TASK REQUIREMENTS: Output the entries word for word. Omit images.

INPUT FOR THIS TASK:
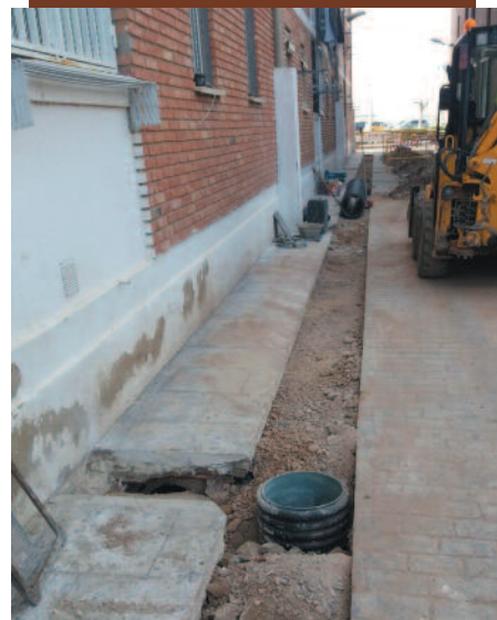
Obras en las canalizaciones de los Grupos de la Paz.

Hace poco más de dos años, Aigües de València ya llevó a cabo algunas mejoras en la red de saneamiento en el tramo de la calle Don Emilio Ramón Llin comprendido entre la calle Cavallers y el Calvario. Los trabajos consistieron en la instalación de nuevas cañerías subterráneas y la construcción alcantarillas con el objetivo de favorecer la correcta evacuación del alcantarillado.
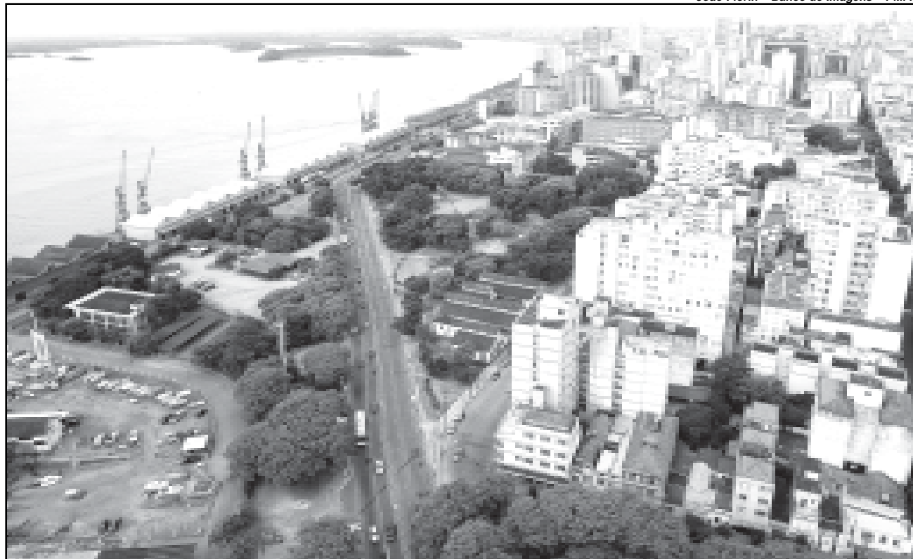
Pisa elevará índice de tratamento de esgotos de 27% para 77%
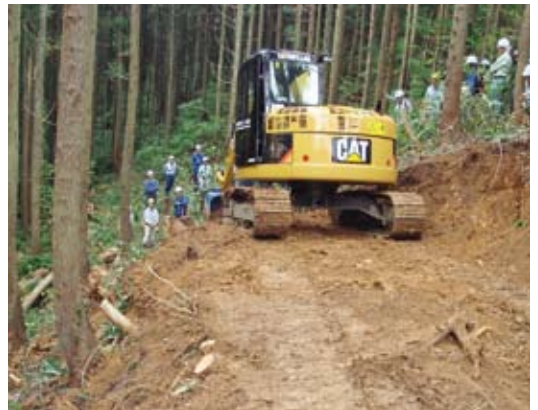
「表土ブロック積工法」の講習状況

参加者の多くは四万十式作業路網の作設を見るのが初めてで、熱心に見学されており、関心の高さと期待の大きさがうかがえました。 今回の低コスト恒久的作業路網をベースとして、今後も各地域に適した作業路網の普及と作業システムの効率化を図っていくこととしています。 (販売課)
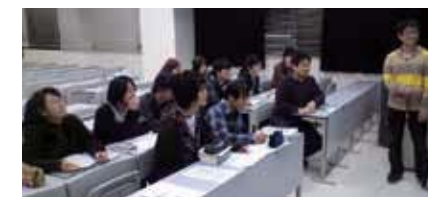
研究室の雑誌会(ゼミ)の様子

当研究室のその他の研究例としては、炭素同素体カルビンの合成とその電気化学的応用が挙げられます。カルビンは、炭素原子が一次元に鎖状に結合した同素体であり、極めて不安定な性質からその大量合成も物性測定も十分になされていない幻の炭素材料です。当研究室では、部分的ながらもカルビン構造を有する炭素電極を合成し、リチウムイオン電池の負極として評価したところ、従来の黒鉛負極と比較して約3倍の容量があることを見出しました。炭素材料にはまだまだ未知の可能性が 있습니다。今後も、炭素材料電極化学をさらに極めることで、キャパシタ・電池といったアプリケーションを通して、エコ社会の実現に貢献します。
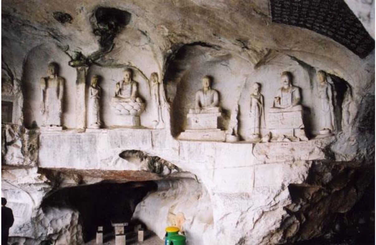
伏波山內的千佛岩是历代造像宝库

EXERCISE RESPONSE:
Obras en las canalizaciones de los Grupos de la Paz.

Hace poco más de dos años, Aigües de València ya llevó a cabo algunas mejoras en la red de saneamiento en el tramo de la calle Don Emilio Ramón Llin comprendido entre la calle Cavallers y el Calvario. Los trabajos consistieron en la instalación de nuevas cañerías subterráneas y la construcción alcantarillas con el objetivo de favorecer la correcta evacuación del alcantarillado.
Pisa elevará índice de tratamento de esgotos de 27% para 77%
「表土ブロック積工法」の講習状況

参加者の多くは四万十式作業路網の作設を見るのが初めてで、熱心に見学されており、関心の高さと期待の大きさがうかがえました。 今回の低コスト恒久的作業路網をベースとして、今後も各地域に適した作業路網の普及と作業システムの効率化を図っていくこととしています。 (販売課)
研究室の雑誌会(ゼミ)の様子

当研究室のその他の研究例としては、炭素同素体カルビンの合成とその電気化学的応用が挙げられます。カルビンは、炭素原子が一次元に鎖状に結合した同素体であり、極めて不安定な性質からその大量合成も物性測定も十分になされていない幻の炭素材料です。当研究室では、部分的ながらもカルビン構造を有する炭素電極を合成し、リチウムイオン電池の負極として評価したところ、従来の黒鉛負極と比較して約3倍の容量があることを見出しました。炭素材料にはまだまだ未知の可能性が 있습니다。今後も、炭素材料電極化学をさらに極めることで、キャパシタ・電池といったアプリケーションを通して、エコ社会の実現に貢献します。
伏波山內的千佛岩是历代造像宝库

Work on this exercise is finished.